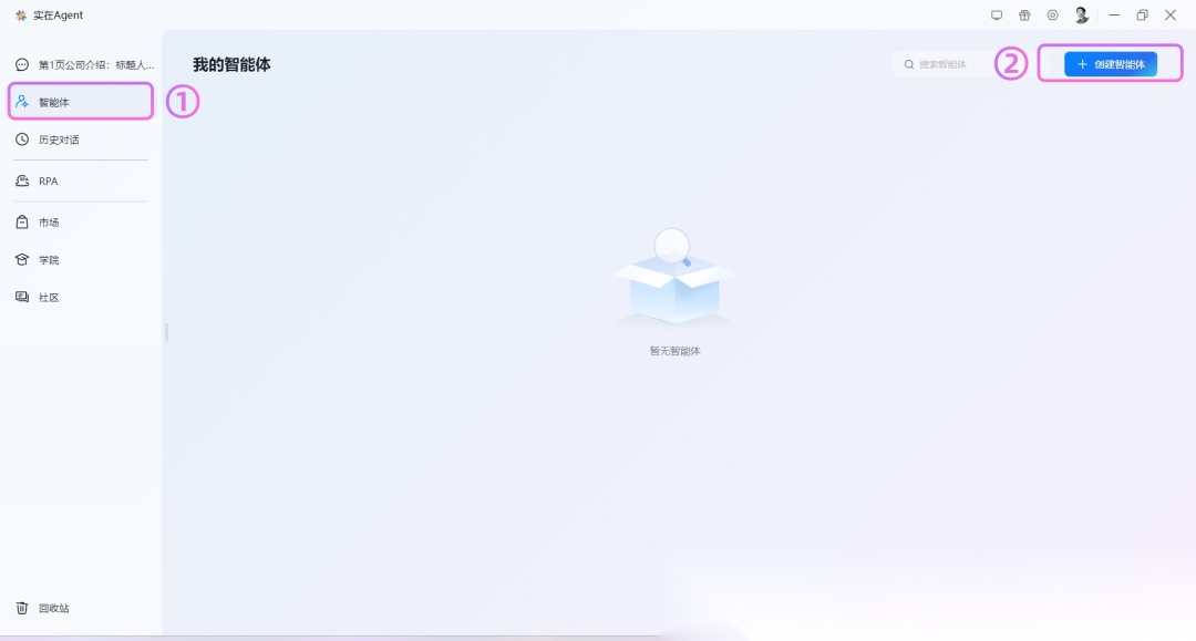 打开客户端:登录实在 Agent,点击【智能体 - 创建智能体】开启空白画布~
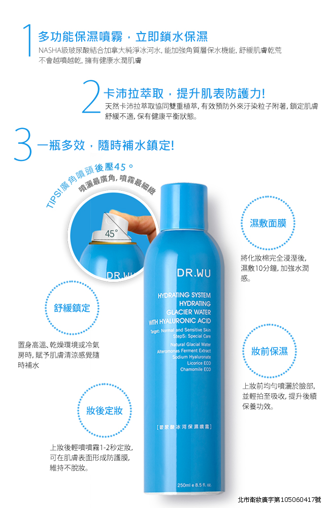 卸妝、清潔→玻尿酸冰河保濕噴霧→玻尿酸保濕化妝水→精華液→乳液、面霜→防曬隔離
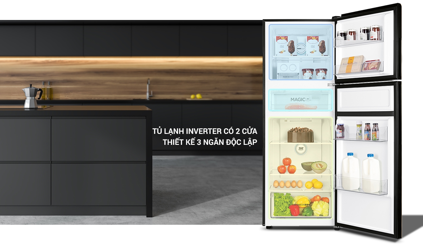 Tủ lạnh AQUA Inverter 312 lít AQR-T359MA(GB) có màu sắc trang nhã, thiết kế mặt gương tô điểm cho không gian bếp nhà bạn thêm sang trọng. Tủ lạnh Inverter 2 cửa thiết kế 3 ngăn độc lập hạn chế tối đa sự lẫn mùi thức ăn giữa các ngăn, giúp bảo quản thực phẩm được tươi ngon.
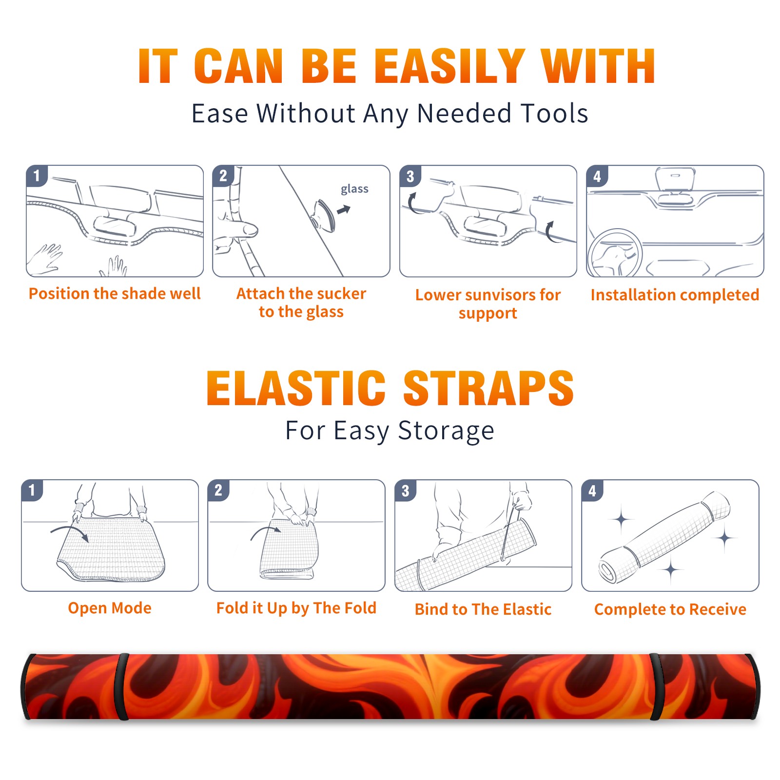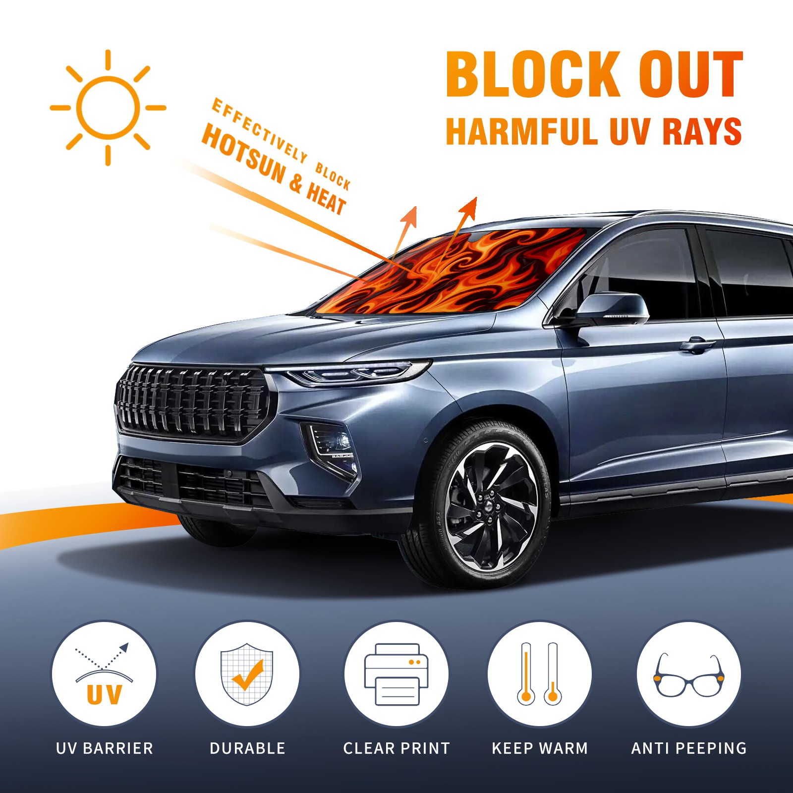 Aluminum Foil Polyester Car Sunshade Pad, Efficient Heat Insulation And Sun Protection ArtifactFlame
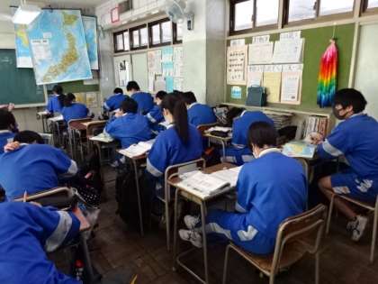 2年1組、社会。「資源輸入大国 日本」「日本の電力をめぐる問題」
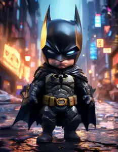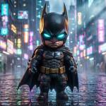 An ultra-detailed, photorealistic rendering of a stylized collectible chibi Batman action figure, featuring heavy, textured tactical armor and a matte black cowl with sharp golden ears. The figure stands low on wet, reflective cobblestones, dramatically lit by the vibrant bokeh blur of neon cyberpunk signs dominating the 16:9 wide-angle background. Intense cinematic volumetric lighting illuminates the scene, highlighting the fierce scowl and the dramatic, electric cyan glow emanating from the figure’s eyes. The flowing obsidian cape and golden utility belt catch the ambient city reflections, creating a stunning portrait from a low-angle, imposing perspective.

━━━━━━━━━━━━━━━━━━━━━━━━━━━━━━

▸ **PROBLEM STATEMENT**
Strip out the images, then output the records above word for word.

▸ **SOLUTION**
 打开客户端:登录实在 Agent,点击【智能体 - 创建智能体】开启空白画布~
 卸妝、清潔→玻尿酸冰河保濕噴霧→玻尿酸保濕化妝水→精華液→乳液、面霜→防曬隔離
 Tủ lạnh AQUA Inverter 312 lít AQR-T359MA(GB) có màu sắc trang nhã, thiết kế mặt gương tô điểm cho không gian bếp nhà bạn thêm sang trọng. Tủ lạnh Inverter 2 cửa thiết kế 3 ngăn độc lập hạn chế tối đa sự lẫn mùi thức ăn giữa các ngăn, giúp bảo quản thực phẩm được tươi ngon.
 Aluminum Foil Polyester Car Sunshade Pad, Efficient Heat Insulation And Sun Protection ArtifactFlame
 2年1組、社会。「資源輸入大国 日本」「日本の電力をめぐる問題」
 An ultra-detailed, photorealistic rendering of a stylized collectible chibi Batman action figure, featuring heavy, textured tactical armor and a matte black cowl with sharp golden ears. The figure stands low on wet, reflective cobblestones, dramatically lit by the vibrant bokeh blur of neon cyberpunk signs dominating the 16:9 wide-angle background. Intense cinematic volumetric lighting illuminates the scene, highlighting the fierce scowl and the dramatic, electric cyan glow emanating from the figure’s eyes. The flowing obsidian cape and golden utility belt catch the ambient city reflections, creating a stunning portrait from a low-angle, imposing perspective.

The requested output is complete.